Most scorecards are written for humans and used by nobody. They sit in the Notion doc, the interviewer ignores them, the feedback is written without reference to them. The scorecard is a ceremonial artifact.
For an AI to actually use a scorecard, three things have to be true.
The competencies have to be observable. "Strong communication" is not observable. "Can explain a technical concept to a non technical stakeholder in under two minutes" is observable. The first is a vibe. The second is a behavior.
The rubric levels have to be distinguishable. A scale of 1 to 5 with no behavioral anchors collapses to a 3 in practice. Every candidate ends up average.

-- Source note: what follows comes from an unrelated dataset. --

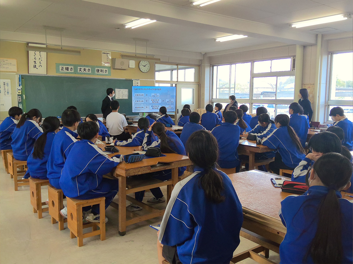 建設産業の魅力を理解してもらい、将来の職業の選択肢のひとつとしてもらうことを目的として、郡上市立八幡西中学校、岐阜市立岐阜中央中学校、輪之内町立輪之内中学校、北方町立南学園の生徒を対象に「出前授業」を実施しました。

A scale with concrete behavioral descriptions at each level forces real judgment.
The mapping between questions and competencies has to be explicit. Interviewers should know which competency each question is meant to assess. Otherwise they ask their favorite questions and tag the answers afterward, which is meaningless.

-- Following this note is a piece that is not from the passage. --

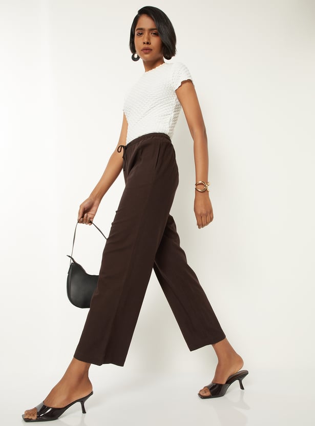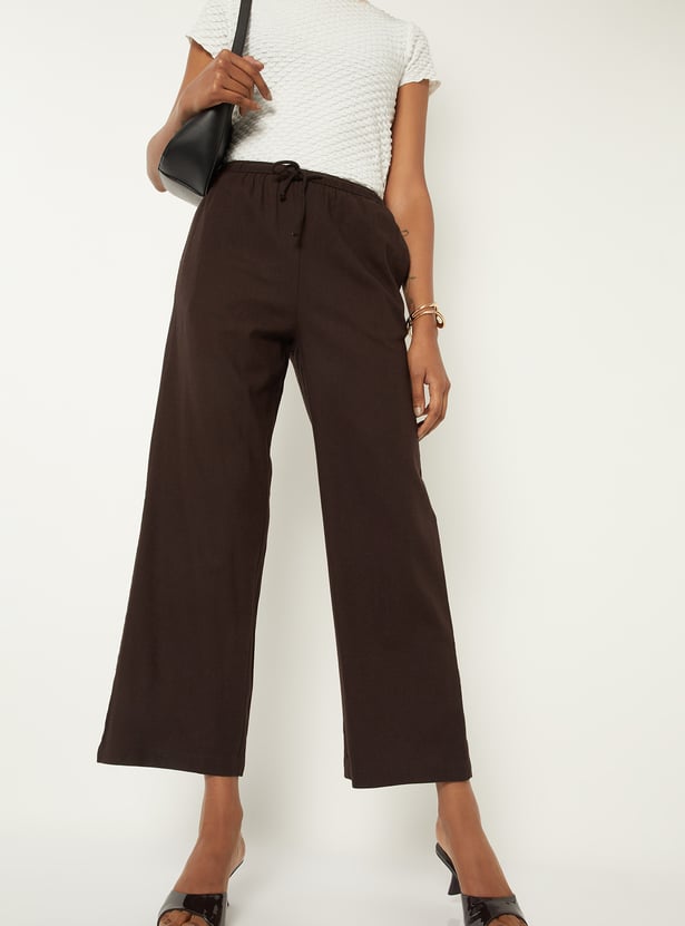 Women Solid Wide Leg Trousers

When these three are in place, AI can do the heavy lifting. It can tag interview evidence against rubric items automatically. It can flag rubric items that no question touched. It can show the hiring manager exactly where the evidence supports the final score.
Platforms like Mazle generate scorecards from intake calls in exactly this format. The scorecard, the question set, and the rubric levels are produced together so the mapping is built in.
A scorecard the AI cannot use is a scorecard the humans will not use either. The two failure modes have the same root cause. Make the thing observable, distinguishable, and mapped.